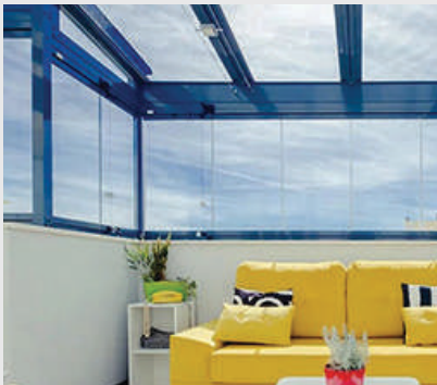
CLIMATE-CONTROLLED GLASS ENCLOSURES
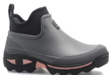
CLEAN LADY Ankle boot Grey Sizes: 36 to 41
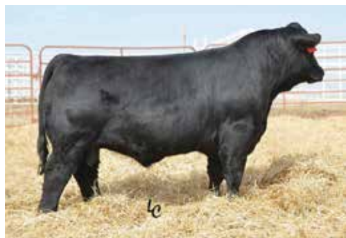
HOOK'S YELLOWSTONE 97Y - SIRE OF LOT 111
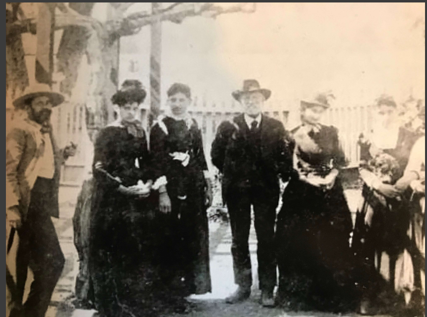
Members of the de la Cuesta Family pose underneath the Old Grape Arbor, leading to their adobe home 1892.
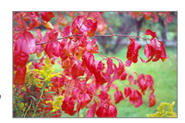
Black Cherry in fall
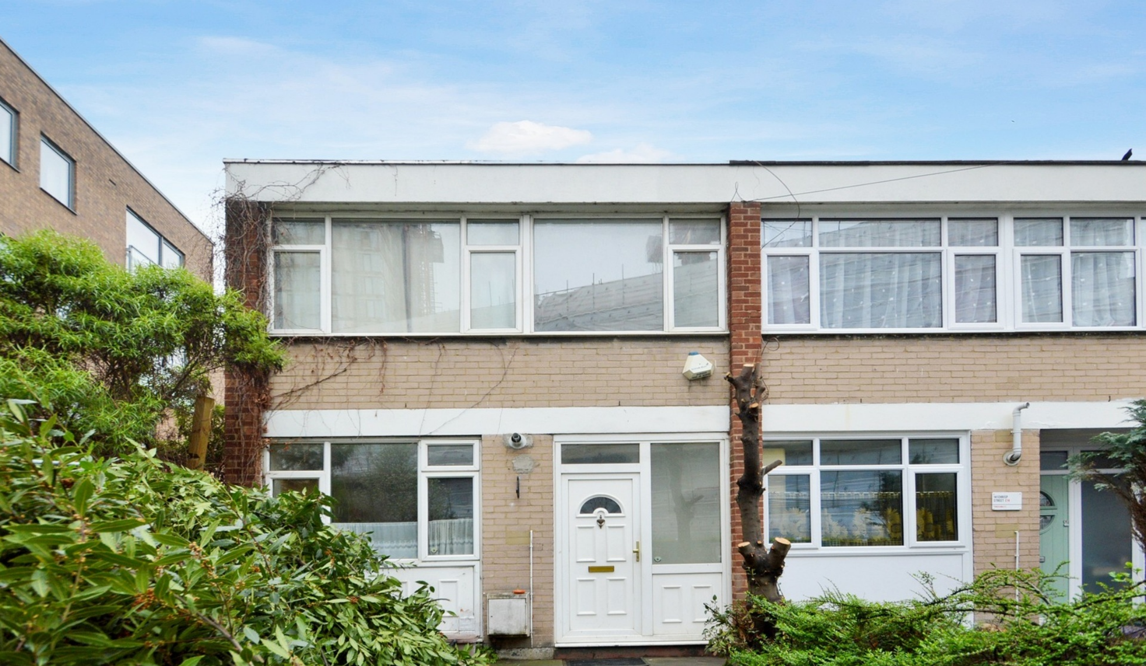
CHRISP STREET E14 3 bedroom terraced house
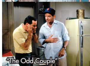
“The Odd Couple”
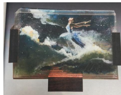
"Dancing in the Stars"
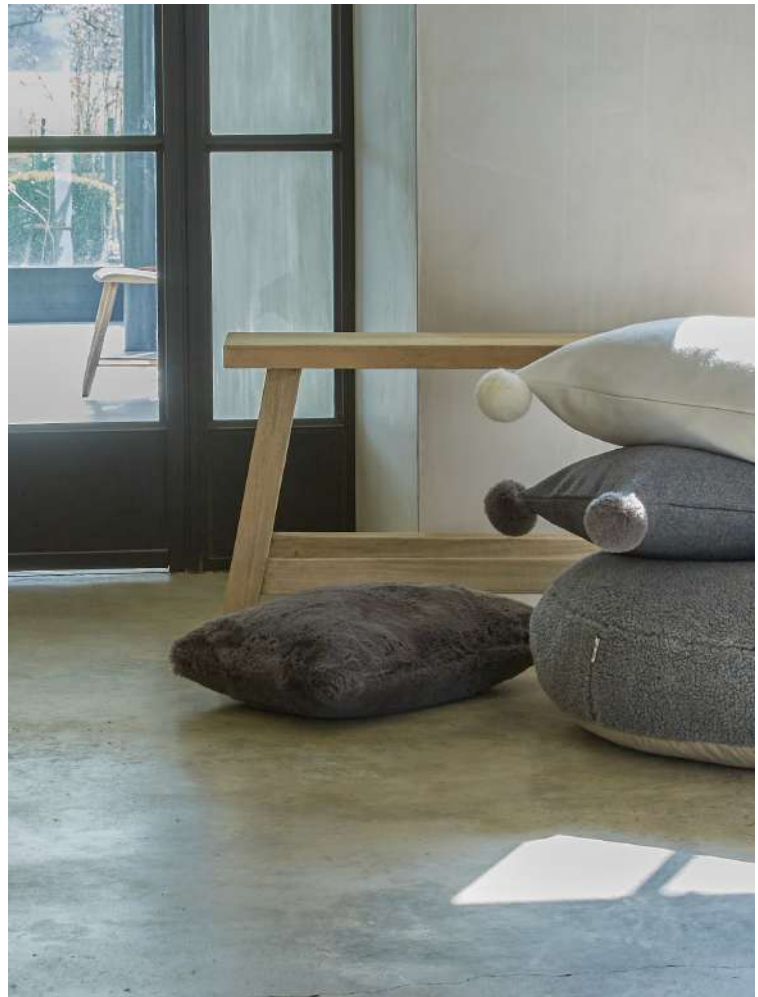
1064.3613 Monkton Recycled Rectangle Rug | Cream

Our homeware range is made up of beautiful, complementary fabrics and textures. Soft sherpa made in Yorkshire, lush velvets, amazing faux furs, 100% cotton waffle and linen-look fabrics means there is something to take you through every season.
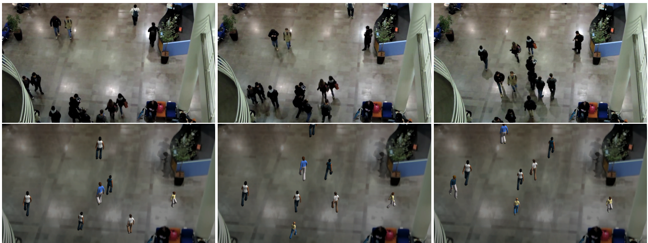
Figure 4: Original Video Sequence (on the top) and Simulation (on the bottom) based in video (BR-01).

This paper presented a method to continue videos for a certain time keep going agents in the scene and creating others, according to the observed motion patterns. Results showed the generated
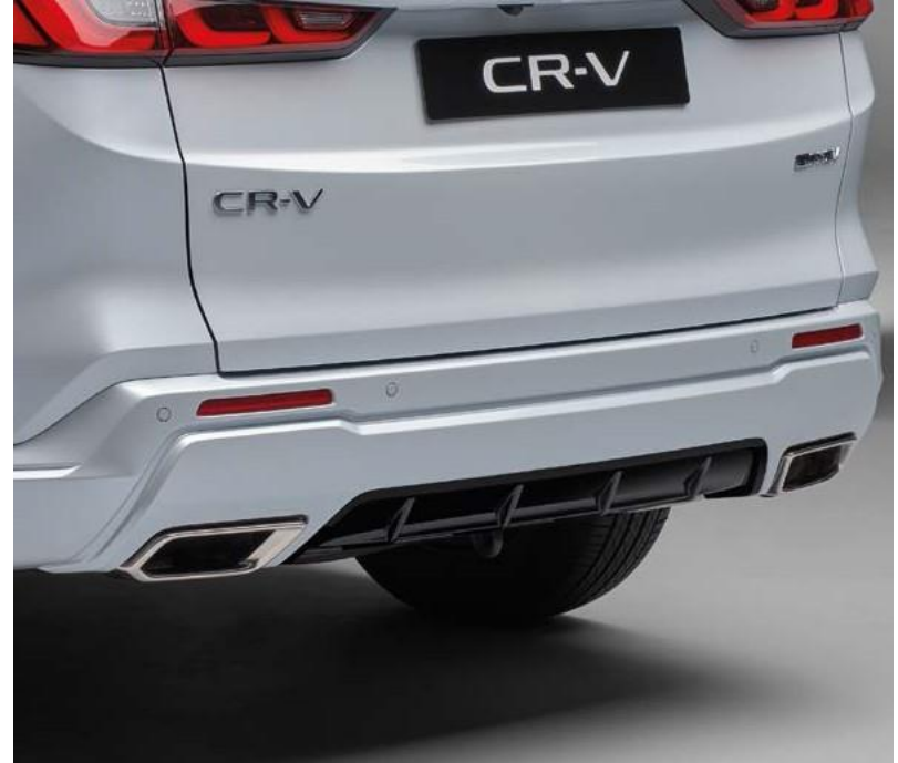
REAR LOWER BUMPER Complete the look of your CR-V with this rear lower bumper in a body colour and Berlina Black colour combination. It blends in perfectly with the front aero bumper and side skirts.
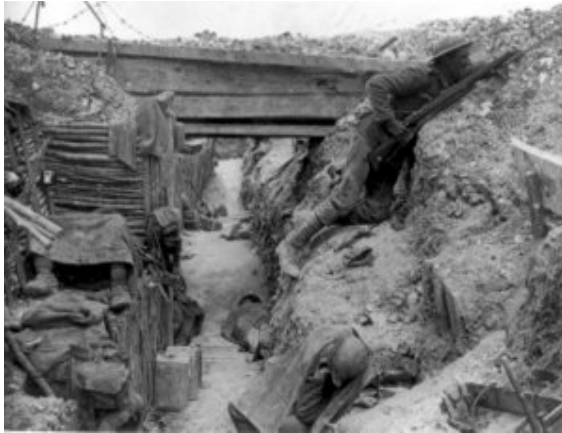
A Cheshire Regiment sentry in a trench near La Boisselle during the Battle of the Somme , July 1916

Both sides had plenty of men and plenty of money for ammunition and weapons, so Generals kept sending more and more men 'over the top' - even though it didn't achieve any obvious success.
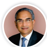
Dr. Venkat Ramakrishnan - UK
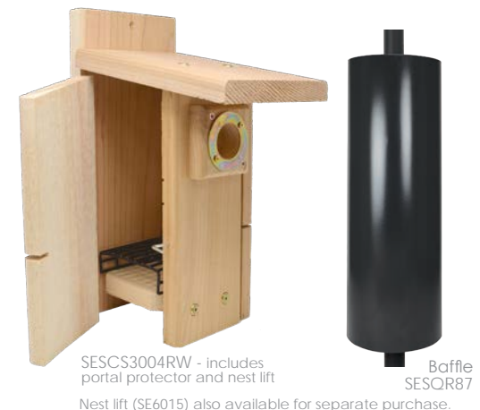
SESCS3004RW - includes portal protector and nest lift

Mounting the house on a tall pole with a baffle beneath is a great way to keep chicks out of harms way. Attach the pole to the back of the house, and place the baffle directly under the house for snake, raccoon, and cat control.
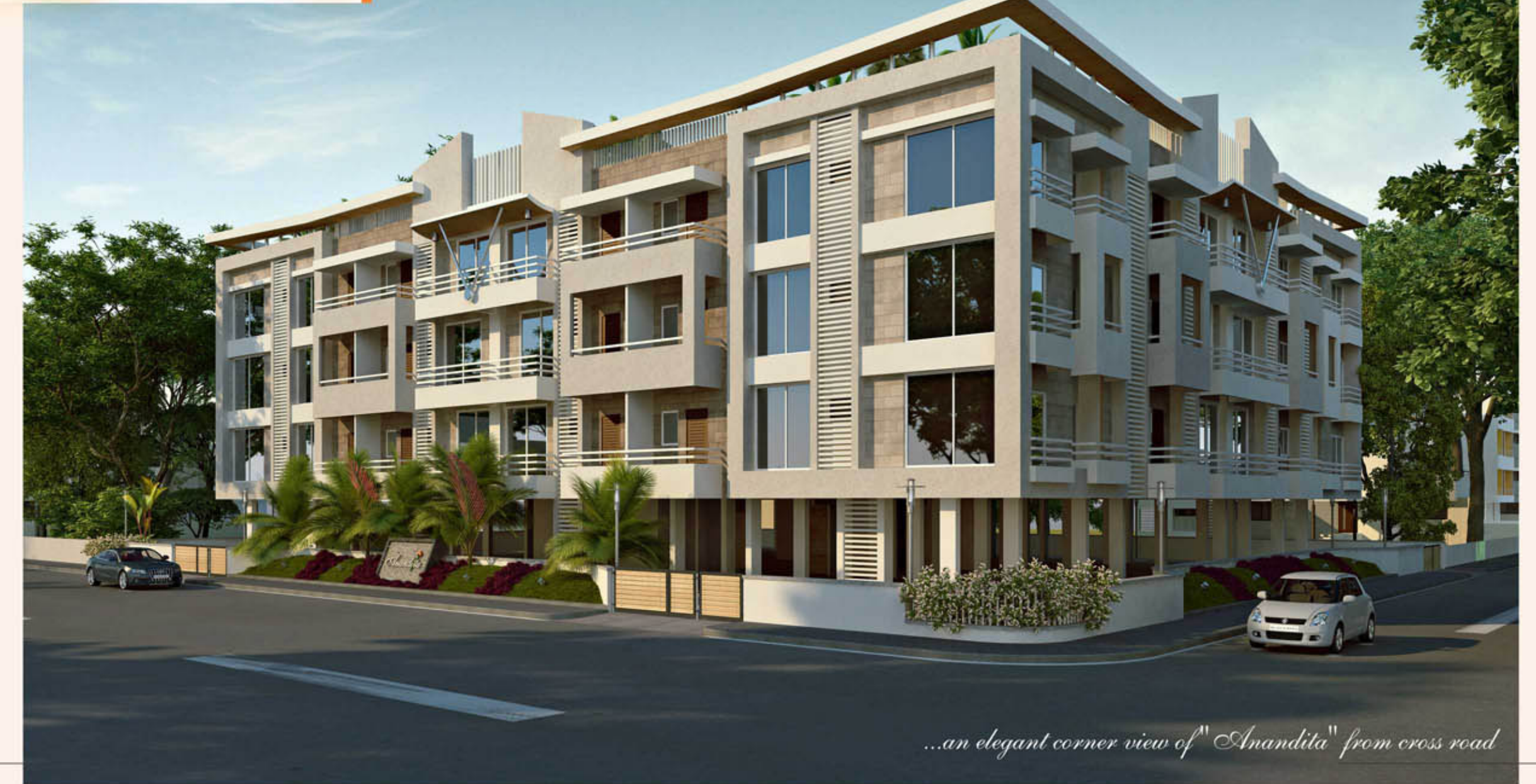
...an elegant corner view of "Anandita" from cross road
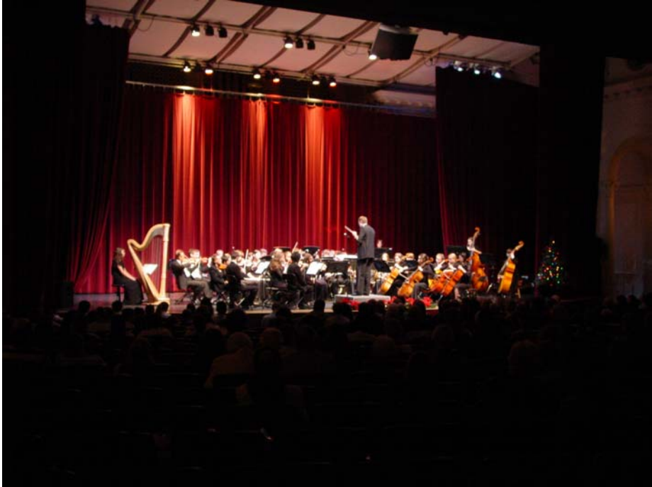
Side Door Cabaret
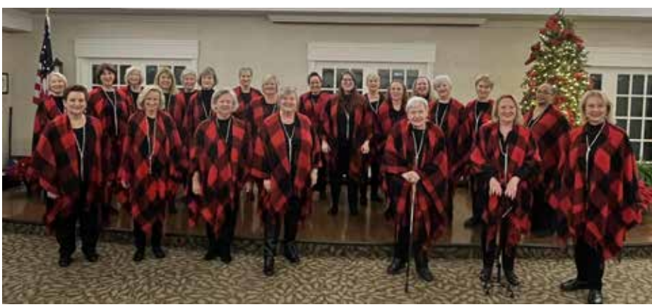
Christmas season performances; carols and jokes abound!
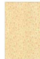
4 x 6 inches finished Make 8
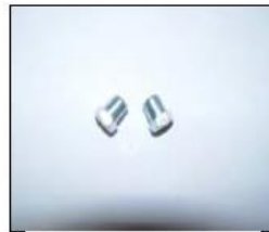
1/8 NPT plug (2)
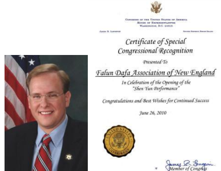
US Congressman James Langevin Issues Certificate of Special Congressional Recognition
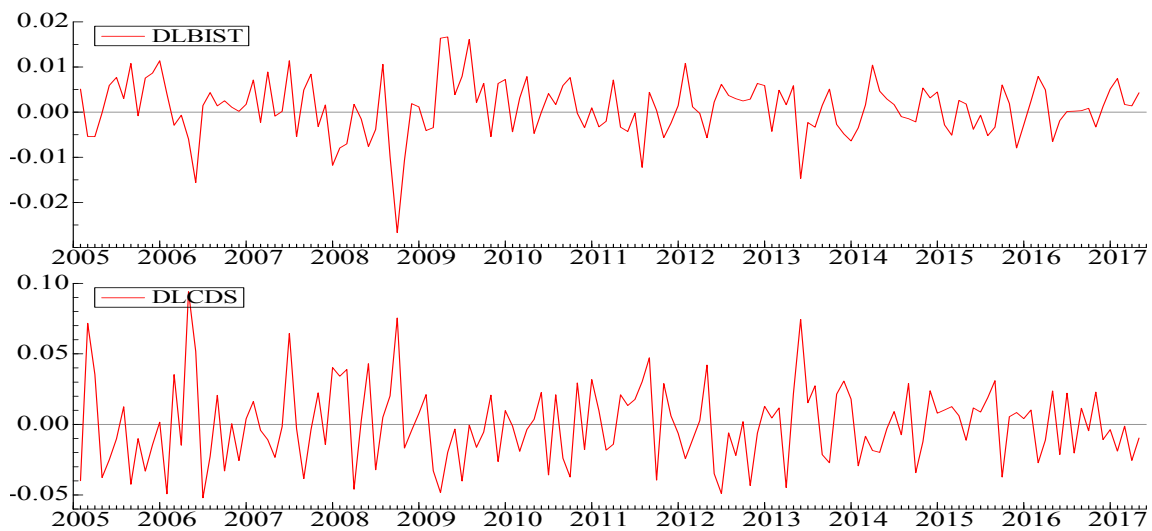
Figure 1- Time Graphics of the Variables

Firstly; it has been tested whether the variables are stationary or non-stationary. According to the MS-ADF unit root tests presented in Table 3; it has been seen that the variables of DLCDS and DLBIST are stationary (no unit root). Thus, the variables ensure the stationarity condition required for using non-linear methods.
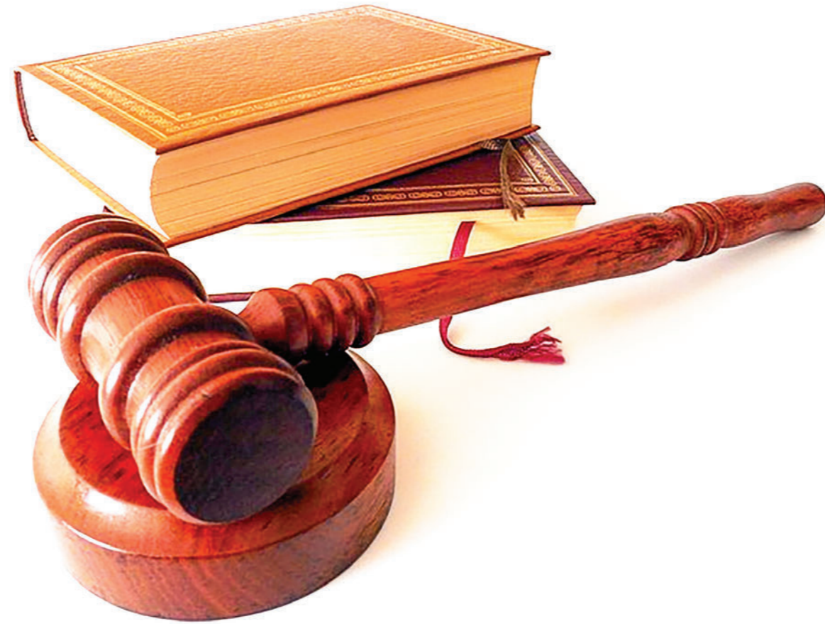
Obtaining a clear and unbroken title is crucial when purchasing a home, and the associated legal document, the title document, outlines key details about property ownership.

When buying, selling or licensing real estate property rights, be sure to make sure the chain of title is clean and

#####

Work order
In the listing above, the required lines run from the line with "Black Cherry in fall" through the line with "Figure 4: Original". Output exactly those lines, omitting pictures.

Solution to this task
Black Cherry in fall
CHRISP STREET E14 3 bedroom terraced house
“The Odd Couple”
"Dancing in the Stars"
1064.3613 Monkton Recycled Rectangle Rug | Cream

Our homeware range is made up of beautiful, complementary fabrics and textures. Soft sherpa made in Yorkshire, lush velvets, amazing faux furs, 100% cotton waffle and linen-look fabrics means there is something to take you through every season.
Figure 4: Original Video Sequence (on the top) and Simulation (on the bottom) based in video (BR-01).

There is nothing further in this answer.